Governor Burrington’s friendship with Chief Justice Smith was of short continuance. We soon find the latter proceeding to England bearing complaints of the Governor’s tyrannical and overbearing conduct, one witness swearing that he had in the presence of the Court ordered the marshal to arrest and imprison him. The Governor endeavored to break the force of his attack by writing to the Board of Trade that Smith was “the jest and scorn of the men who perverted him,” “a silly, rash boy, a busy fool and an egregious sot,” “ungrateful, perfidious scoundrel, and as much wanting in truth as understanding.”

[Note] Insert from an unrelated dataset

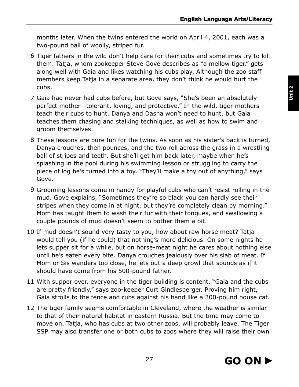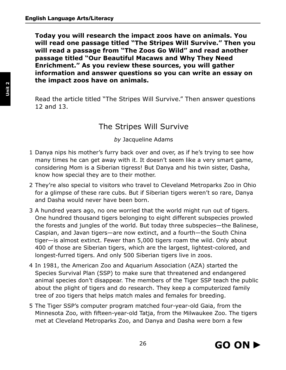 Refer to the article titled “The Stripes Will Survive” and the passage titled “The Zoos Go Wild.” Then answer the following question(s):

These are hard words to be said of one presiding in the highest court of the land, but the Chief Justice repaid the Governor with such compounded interest that Gabriel Johnston was soon seated in the executive chair, and Smith resumed his seat on the bench.
During Smith’s absence in England, Burrington appointed John Palin as his successor, and on his resignation from ill health, Wm. Little, Gale’s son-in-law, who died in two years and was succeeded by Daniel Hanmer, who in turn was soon ousted by the triumphant Smith. Those were sad times. In addition to the outrageous violence of the Governor, the lower house of the Assembly unanimously voted that Chief Justice Little was guilty of oppression and extortion, while Chief Justice Hanmer was imprisoned for perjury, which his friends charged was procured by the vindictive malice of Chief Justice Smith. Sixteen members of the Assembly charged Smith with grievous exactions and extortions and offered to prove the charges if time should be given for procurement of the witnesses. And still people prate of the glorious old time ! Even the old song, which tells of the miller’s stealing corn and being drowned in his dam, and the weaver’s expiating the theft of yarn by being hung in his web, and of the little tailor who went down below gripping tightly the purloined broadcloth under his arm, neither, however, meeting justice at the hands of the law-even that old song, bearing most cogent testimony of wide-spread corruption, has the effrontery to begin:
“In the good old Colony times,
When we were under the King!”
We now approach an important epoch in the history of our Colonial law. For many years the judges had been endeavoring to mould our judicial system after the English pattern-a court in bank, where all the pleadings were made up, sending out its judges periodically for trials of questions of fact in the neighborhood where the parties and witnesses reside. The first circuit ever attempted was Edenton and Newton, in Hyde County. The increase of population on the Cape Fear, the Neuse and the Tar, made it proper to take steps to accommodate those localities. Governor Johnston and his able Council were leading spirits, determined, if possible, to introduce the English system more fully, with Newbern as the new Westminster and to adopt that town as the capital of the Province.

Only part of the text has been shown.